There are several small-cap companies out there that have taken on high levels of debt to finance their exploration operations in the hopes that crude prices would not plummet like they have. Firms such as PetroQuest Energy (NYSE:PQ) and Callon Petroluem (NYSE:CPE) have huge amounts of debt on their balance sheets. PetroQuest Energy has total debt of around $422 million, with its revenues around $230 million. Callon Petroluem has total debt of around $102.50 million, with its revenues around $140 million. These firms may find it difficult to service their debt and may have to sell assets or issue more stock to service their debt if crude oil prices remain low
One firm that is profitable, has manageable debt, and is a low-cost exploration company is Abraxas. The company is headquartered in San Antonio, Texas, and has around 114 employees with senior management with an average of 33 years of experience in the industry. Abraxas has exposure to core acreage in the Bakken, Eagle Ford, and Permian formation, with proven reserves of 31 million barrels. Its stock has fallen over 60% to around $2.55 from its high of $6.45 in July. The map below shows the companies core regions in the United States:
The company is financially sound with a 1.0x debt/EBITDA ratio. Abraxas is still profitable at current crude price levels. Its cost of production is between $40-$60 per barrel. The company also plans to increase production in 2015 to over 6,000 barrels. The chart below shows the debt-to-production relationship, with very manageable debt in the current environment.
AXAS stock trades at very low valuations. Its current P/E is around 4 and its forward P/E is around 6.3. Its book value is $1.69 and will grow with continued oil production and prudent capital management. The company is very profitable with high margins. For the last 12 months, its profit margin was 47.65%, operating margin was 28.41%, return on assets was 7.80%, and return on equity was a whopping 51.04%.
Is AXAS' Debt Manageable?
The big worry during times of panic and crisis is that will the company be able to service its debt. As of Sept. 30, 2014, AXAS had total long-term debt of $59 million. Its debt is much lower than its peers when compared to revenues and free cash flow. It has a 1.0x debt/EBITDA ratio, and management's goal is to maintain it around that number.
Source: Latest AXAS earnings report.
Its biggest long-term debt of $52 million is its senior secured credit facility with Société Générale. According to their latest earnings report, the interest rate on the credit facility was 2.15% based on one-month LIBOR rate and the level of utilization. The stated maturity date of the credit facility is June 30, 2018. This gives the company enough time to raise money if the oil prices plummet further.
AXAS' rig loan's outstanding balance as of last quarter was $5.1 million and bears an interest rate of 4.26%. The real estate loan's outstanding balance was $4.4 million, bears an interest rate of 4.25%, and matures on July 20, 2023. Abraxas Petroluem has plenty of time to pay out and service its debt.
What Is the Intrinsic Value of AXAS Stock?
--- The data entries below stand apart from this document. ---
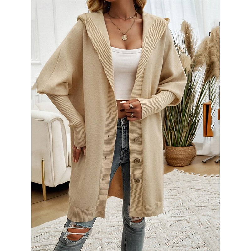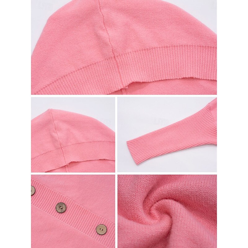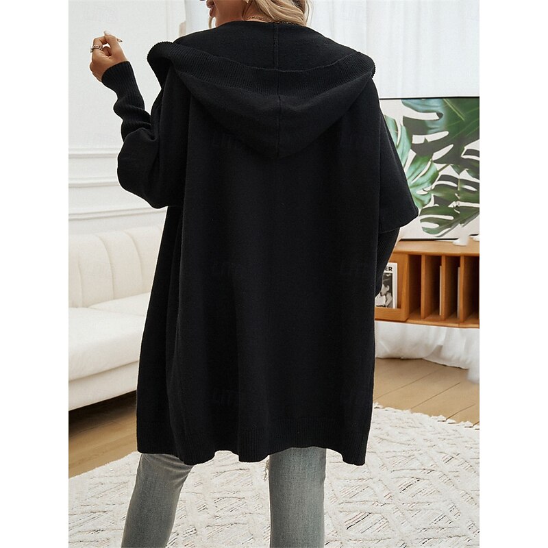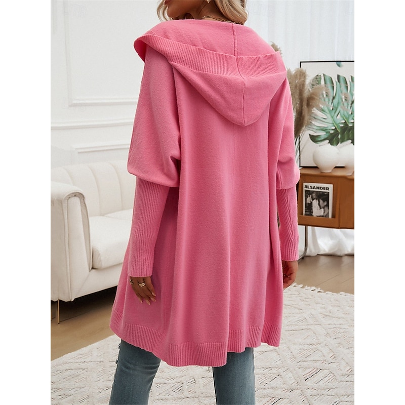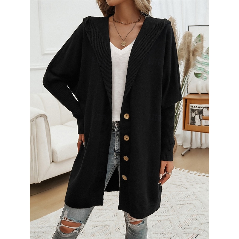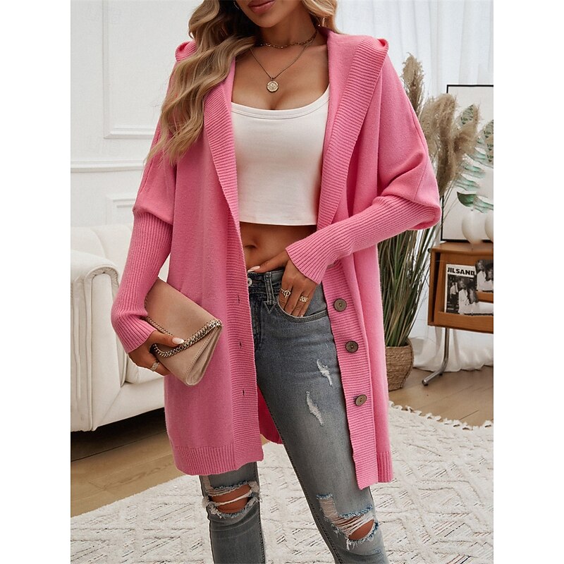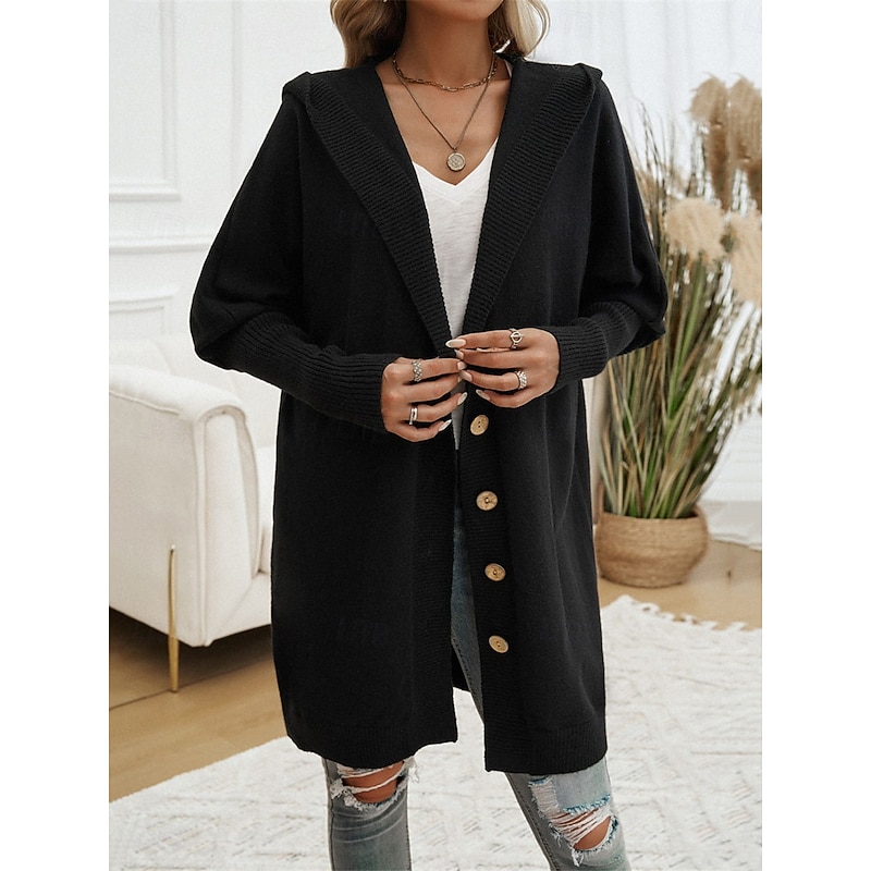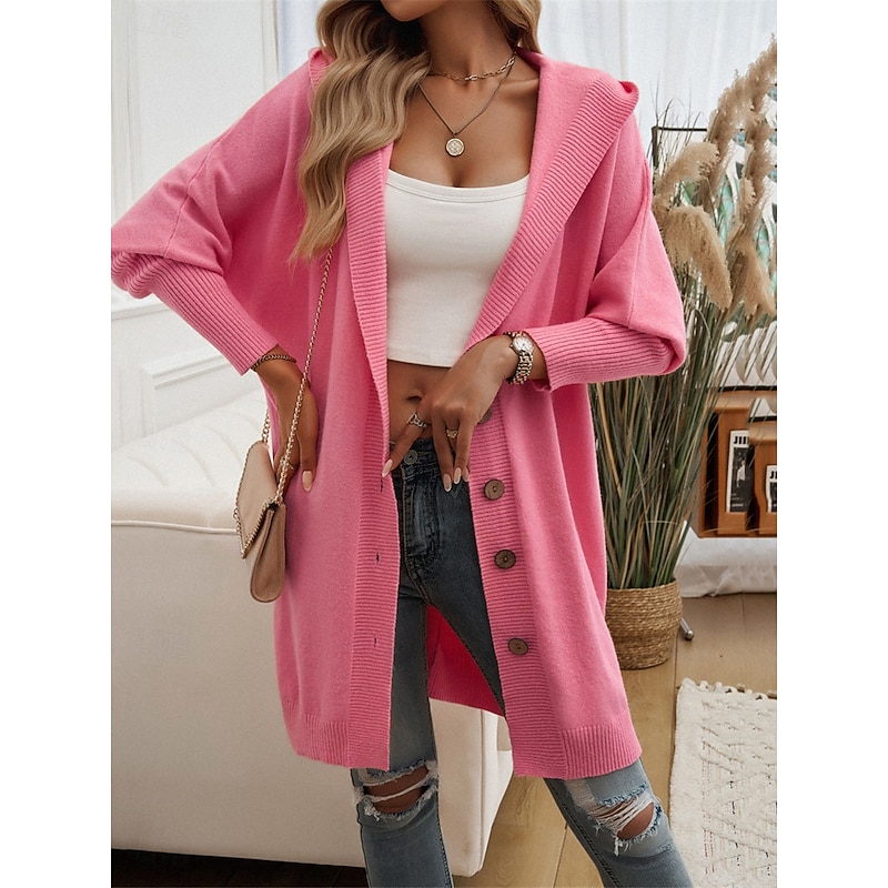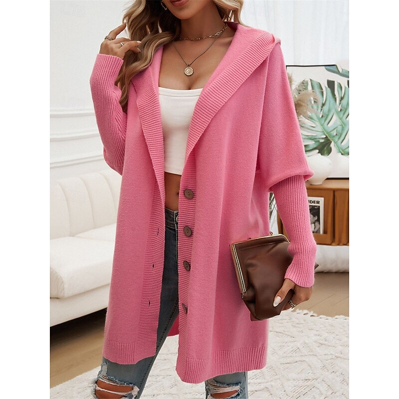 More information about Women's Sweater Cardigan Casual Soft Pure Color Ribbed Hooded Buttons Pocket Knitted Long Sleeve Long Tops Knit Outdoor Daily Weekend Black Fuchsia Fall Winter
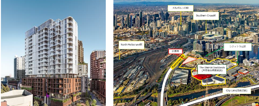 本プロジェクトは、州政府が再開発を推進してきたメルボルン市・ドックランズ地区に位置します。大型複合商業施設に直結し、都心には約10分でアクセス可能と、同地区随一の生活・交通利便性を有しています。さらに、エネルギー効率の高い住宅設計により、二酸化炭素排出量の「ネットゼロ」を目指しており、環境負荷の低減を図りながら、住宅不足の解消に貢献します。
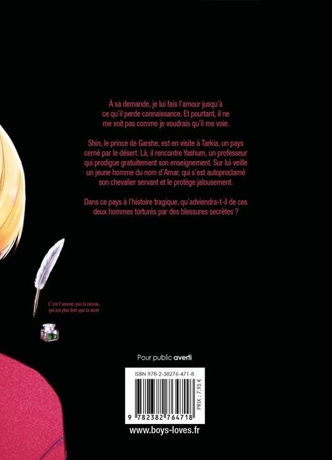 À sa demande, je lui fais l'amour jusqu'à ce qu'il perde connaissance. Et pourtant, il ne me voit pas comme je voudrais qu'il me voie.Shin, le prince de Garshe, est en visite à Tarkia, un pays cerné par le désert. Là, il rencontre Yashum, un professeur qui prodigue gratuitement son enseignement. Sur lui veille un jeune homme du nom d'Amar, qui s'est autoproclamé son chevalier servant et le protège jalousement. Dans ce pays à l'histoire tragique, qu'adviendra-t-il de ces deux hommes torturés par des blessures secrètes ?
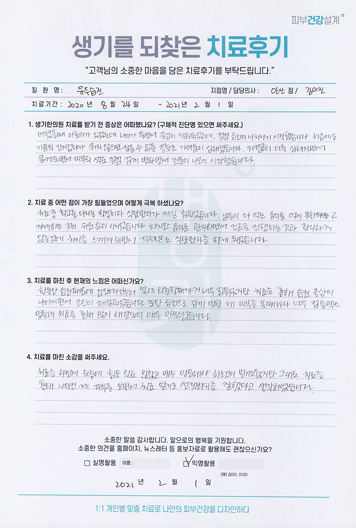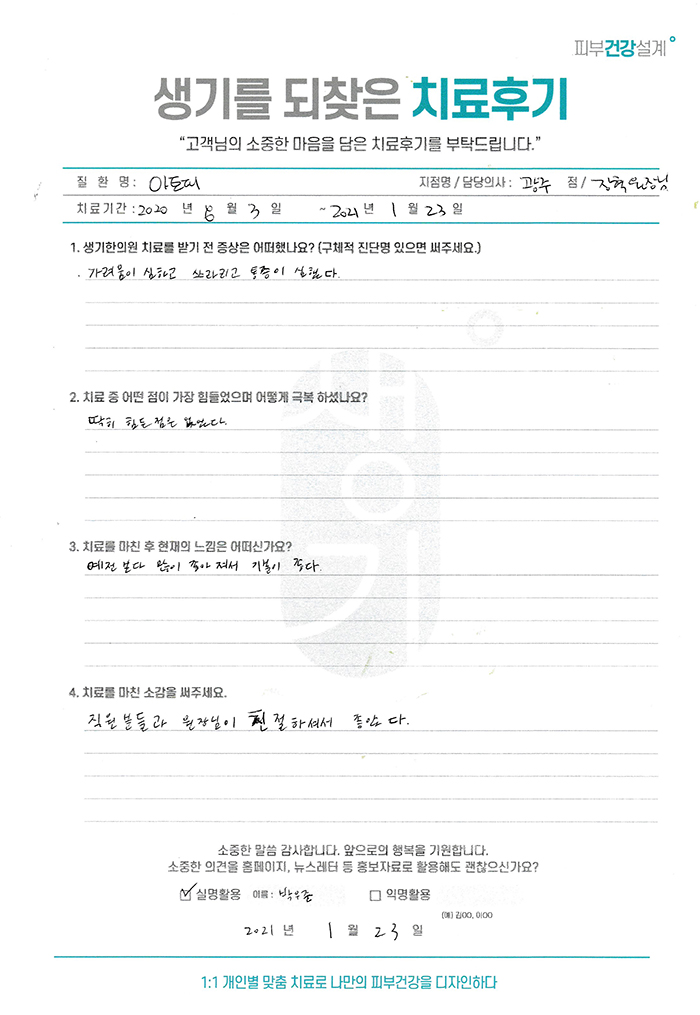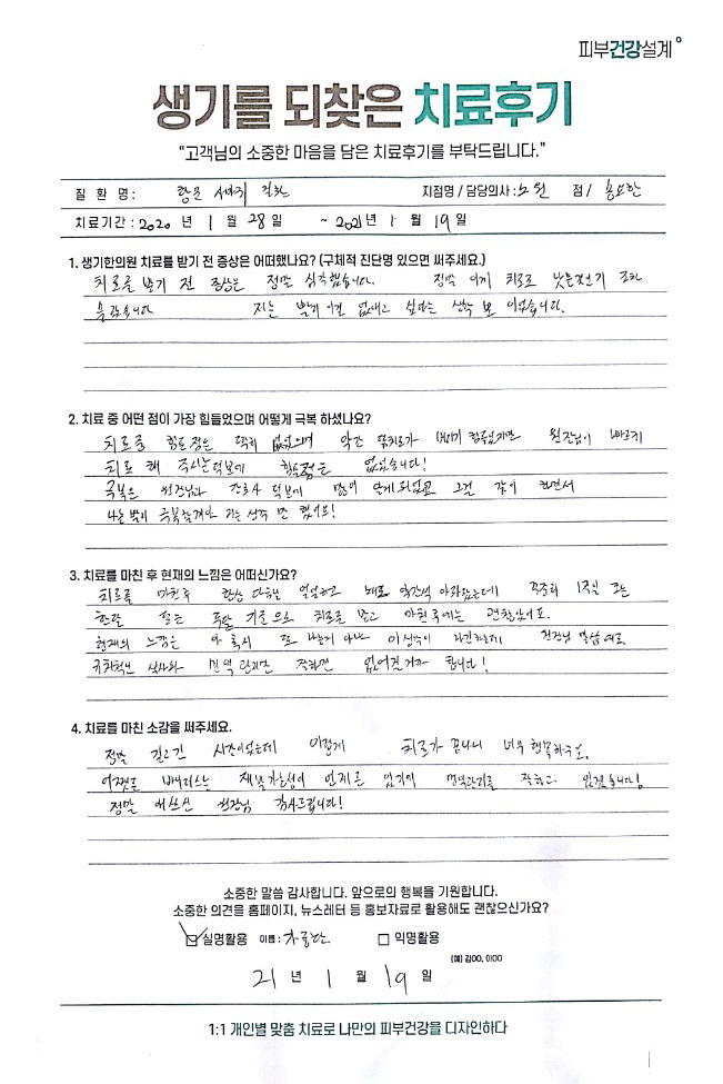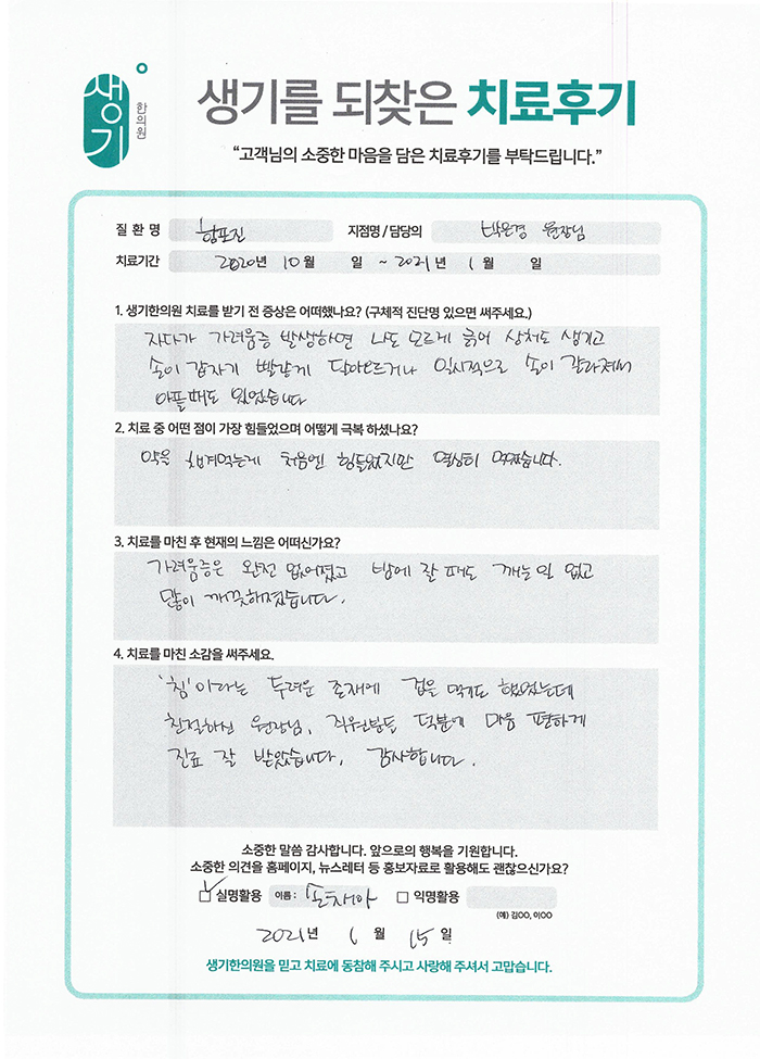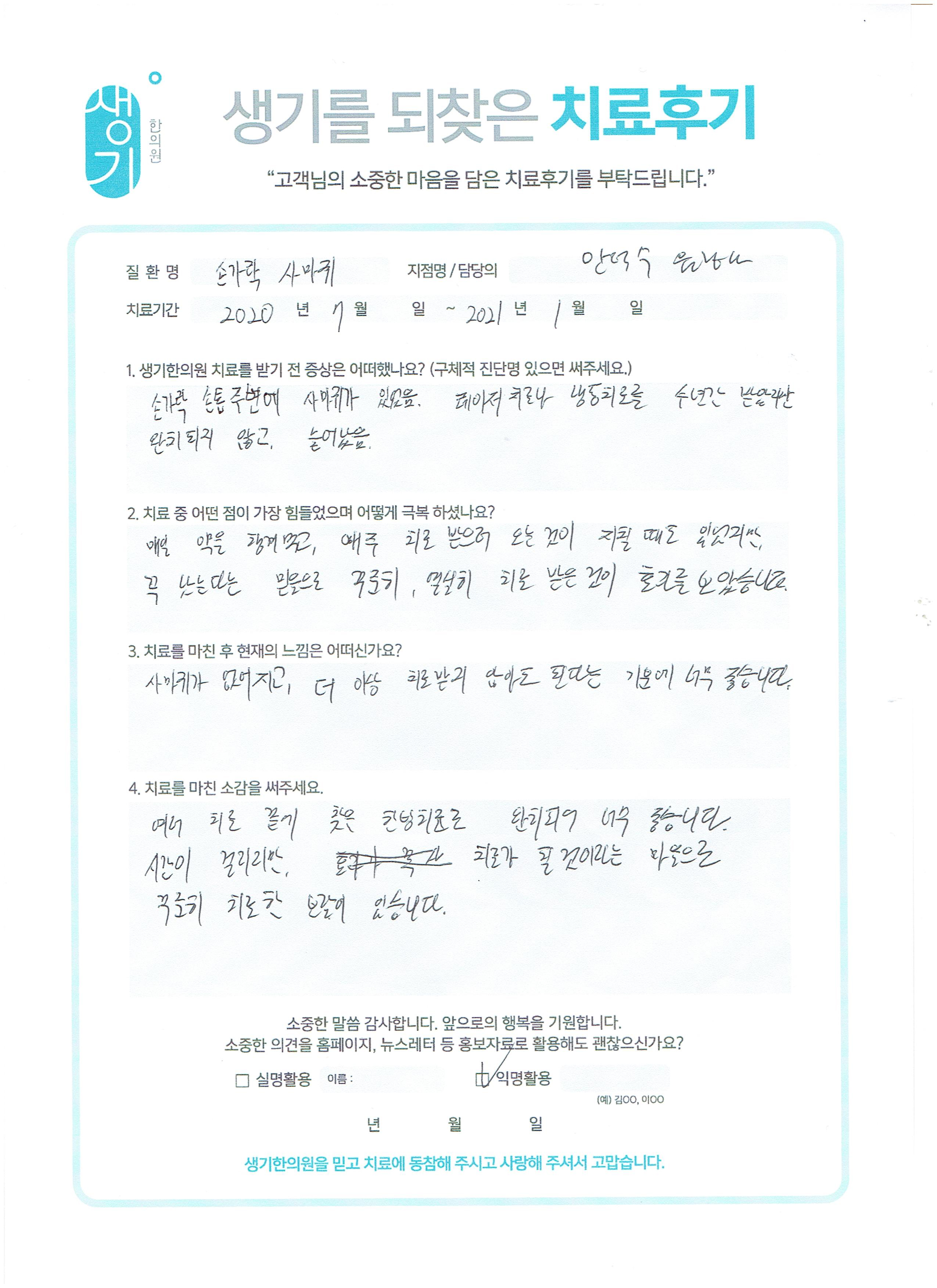 생기한의원과 함께하신 생생한 자필 및 영상 후기를 소개합니다.

Earnings estimates for 2015 have been reduced considerably from $0.60 per share to $0.40 per share due to the sharp crude oil price decline. Even with the huge decline, the company is still profitable and trades below its intrinsic value. So what is its intrinsic value?
With a book value of $1.69, assumed P/E of 12, and EPS of $0.40 for FY 2015, its intrinsic value is around $3.49. Based on its current stock price of $2.55, the stock is trading around 37% below intrinsic value. That's a huge discount for a relatively safe small-cap oil and gas exploration company.
Disclosure: Author is long AXAS.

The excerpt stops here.